Table 1 presents one representative example from each category. And Table 2 provide an estimated category distribution.

Table 1 from [1]: Some representative examples from each category

Table 2 from [1]: An estimate of the breakdown of the dataset into classes, based on the analysis of our sampled 100 examples from the CNN dataset.

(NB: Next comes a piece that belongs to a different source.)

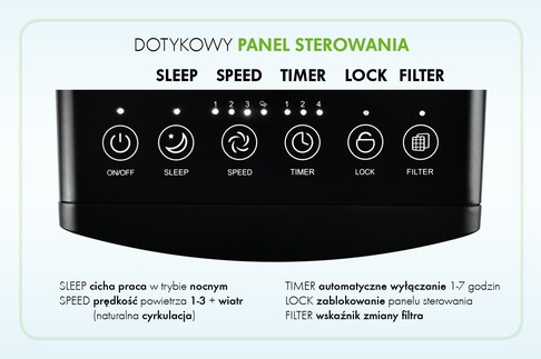 I dodatkowo w gorących miesiącach oczyszczacz powietrza wykorzystasz również jako prakticzny wiarak z trzema poziomami szybkości powietrza + symulacją wiatru (zmiana przepływu powietrza).

Based on above analysis, they concluded

1. this dataset is easier than previously realized
2. straightforward, conventional NLP systems can do much better on it than previously suggested
3. the prospects for getting the final 20% of questions correct appear poor, since most of them involve issues in the data preparation which undermine the chances of answering the question.

## Conventional Model

Basically, the conventional model is based on rules. It contains a feature vector $f_{p,q}$ for each candidate entity $e$, and learns a weight vector $\theta$ such that
$$\theta^Tf_{p,q}(e_{true}) \geqslant \theta^Tf_{p,q}(e) \quad e \in E \cap p$$
The employed feature templates are:

1. Whether entity e occurs in the passage.
2. Whether entity e occurs in the question.
3. The frequency of entity e in the passage.
4. The first position of occurence of entity e in the passage.
5. n-gram exact match: whether there is an exact match between the text surrounding the place holder and the text surrounding entity e. Each combination of matching left and/or right one or two words is regarded as a feature.
6. Word distance: the placeholder is aligned with each occurrence of entity e to compute the average minimum distance of each non-stop question word from the entity in the passage。
7. Sentence co-occurrence: whether entity e co-occurs with another entity or verb that appears in the question, in some sentence of the passage.
8. Dependency parse match: both the question and all the sentences are dependency parsed in the passage, and extract an indicator feature.

Table 3 showed that the frequency of entity e and n-gram match play an important role in performance.
Table 3 from [1]: Feature ablation analysis

## Neural Model

The overview of the neural model architecture is in Figure 1. There are three steps:

Firstly, after embedding, the passage is encoded by bi-GRU to the context/memory $P \cong [\vec{p}_{1},\vec{p}_{2},…,\vec{p}_{|P|}]$ and the answer is encoded by bi-GRU to a vector.

Then, compute the Luong style attention [2]
$$\alpha_{i} = \mbox{sofmax}(\vec{q}^T\vec{W}\vec{p}_{i})$$
$$\vec{o} = \sum_{i=1}^{|P|}(\alpha_{i}\vec{p}_{i})$$
Finally, $\vec{o}$ is used to predict the answer $a$:
$$a = \mbox{arg max}_{a \in p \cap E } \vec{W}_{a}\vec{o}$$

Figure 1 from [1]: The neural model architecture

## Implementation Details

• hidden size h = 128
• learning rate of 0.1
• mini-batch of size 32
• dropout with probability 0.2 to the embed- ding layer